Reduce the possibility of retirement by 1 year with the three “golden years”

The pensions of former military and police officers who have benefited from early retirement in the last 5 years will be recalculated and increased.

This provides for changes in the Social Security Code to calculate the reduction of the first pension for people who will receive a second from private funds.

Due to their early retirement, privately insured military and police officers already receive a state pension, but reduced by 20%. However, they will receive a second pension after reaching normal retirement age.
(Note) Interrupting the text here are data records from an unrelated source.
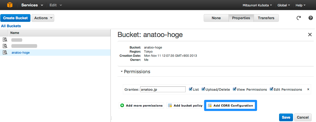 S3のバケットを作成したら、次にそのS3に対して他のドメインからAjaxでアクセスできるようにするために、CORS(Cross Origin Resource Sharering)を設定します。作成したBucketの詳細からPermissionsを選択して、「Add CORS Configulation」をクリックすると、CORSを設定ダイアログが表示されます。
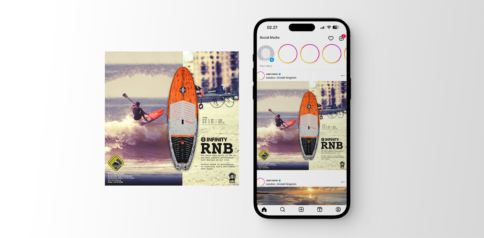 This social media post promotes the Infinity RNB (Round Nose Blur), a high-performance SUP surfboard. The board is described as a perfect balance between stability and speed, making it one of the brand’s most popular designs. The image highlights the board’s sleek shape and dynamic performance, with dimensions catering to different user preferences. The post encourages action with the brand’s contact information, inviting water sports enthusiasts to explore the board’s capabilities for a fast and exciting experience on the water.
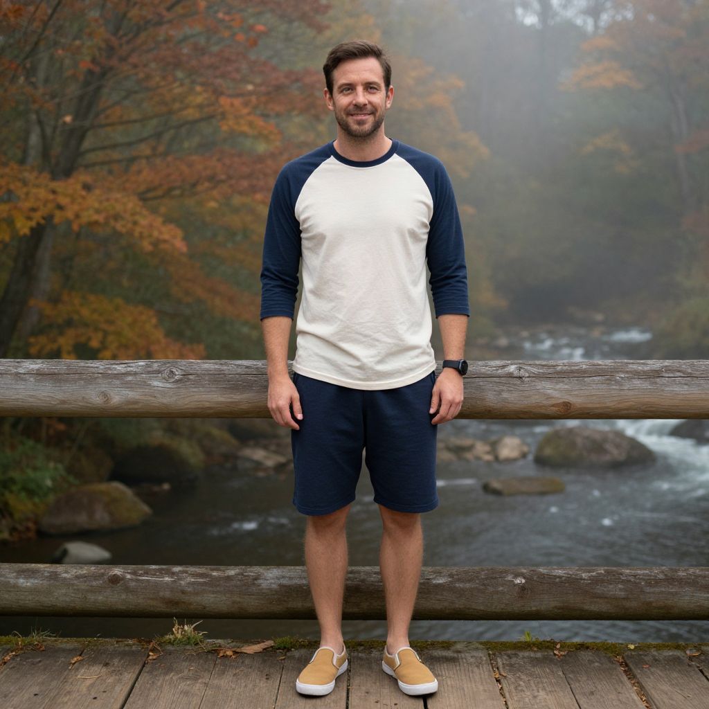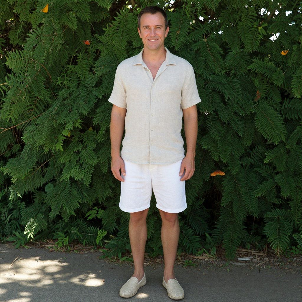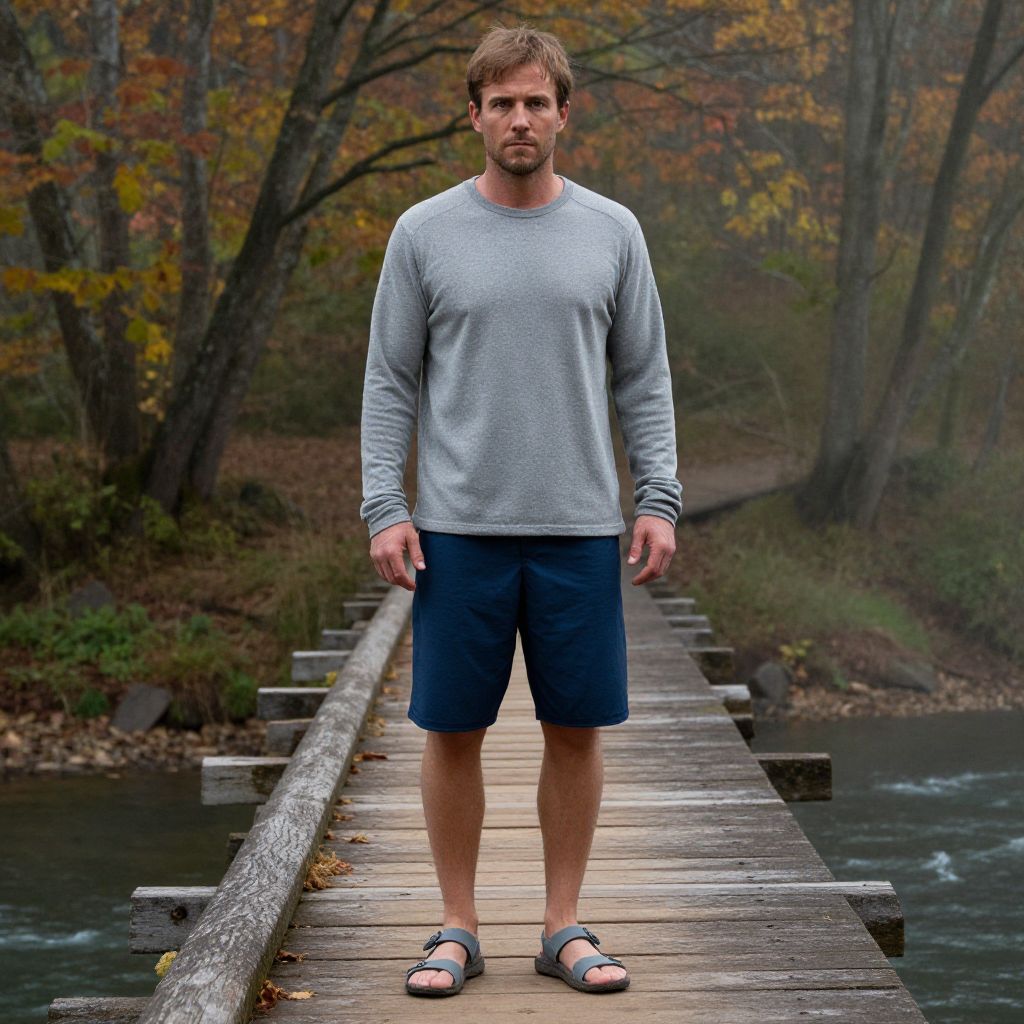 Photograph of a middle-aged man standing in a forest. He has short dark hair, a trimmed beard, and light skin. He wears a long-sleeved, orange and black striped shirt, black knee-length cargo shorts with a white drawstring, and black sandals. The forest background is dense with tall trees, green foliage, and dappled sunlight filtering through the leaves, casting shadows on the ground covered in pine needles and small plants. The man looks directly at the camera with a neutral expression. The photograph has a natural, candid style.

The new formula for reducing the state pension should factor in 12% state insurance and years without contributions to private funds, the government proposes. It should give a reduction of around 9% in the pension from the National Social Security Institute, although the company insisted that it should not be more than 6-7%. The pensions of the military and police will be recalculated in accordance with it and thus will increase.

Retired uniformed officers are once again entitled to transfer their money from private funds to the National Institute of Social Security and, therefore, their state pension will not be reduced at all. They already had that deadline at the end of 2016. According to data at that time, more than 20 thousand pensioners from the Ministry of the Interior and Defense system have returned their money to the state institute.

From January 1 to June 30 of next year, women born between 1960 and 1964 will be able to transfer to the National Social Security Institute. This window will be valid for some 200,000 women entitled to a second pension, who will start it. receive in the period 2021 – 2024. For them, two pensions are expected to be less than one.

The state also proposes a complex scheme to transfer the money from a second pension to the National Institute of Social Security for the more than 3 million remaining insured in private funds. Now this right is up to 5 years before retirement. From January 1, 2022 to December 31, 2025, this option will take place no later than 1 year before reaching retirement age.

From January 1, 2026 to December 31, 2030, it will be possible to transfer money to the National Social Security Institute no later than 2 years before reaching the age, and from January 1, 2031 to December 31, 2035 , no later than 3 years. From January 1, 2036 to December 31, 2037, the term is no later than 4 years, and from 2038 the five years are returned.

However, the right to a pension with the three “golden years” before 1997 will apply for one year less. Instead of the start of 2023, this option will be possible until January 1, 2022, the government bet. After this date, pensions will now be calculated only from insurance income after 2000.

The double formula had to be valid until 2023, because then the proportion of people for whom the previous formula with the 3 “golden years” is more profitable will be significantly reduced.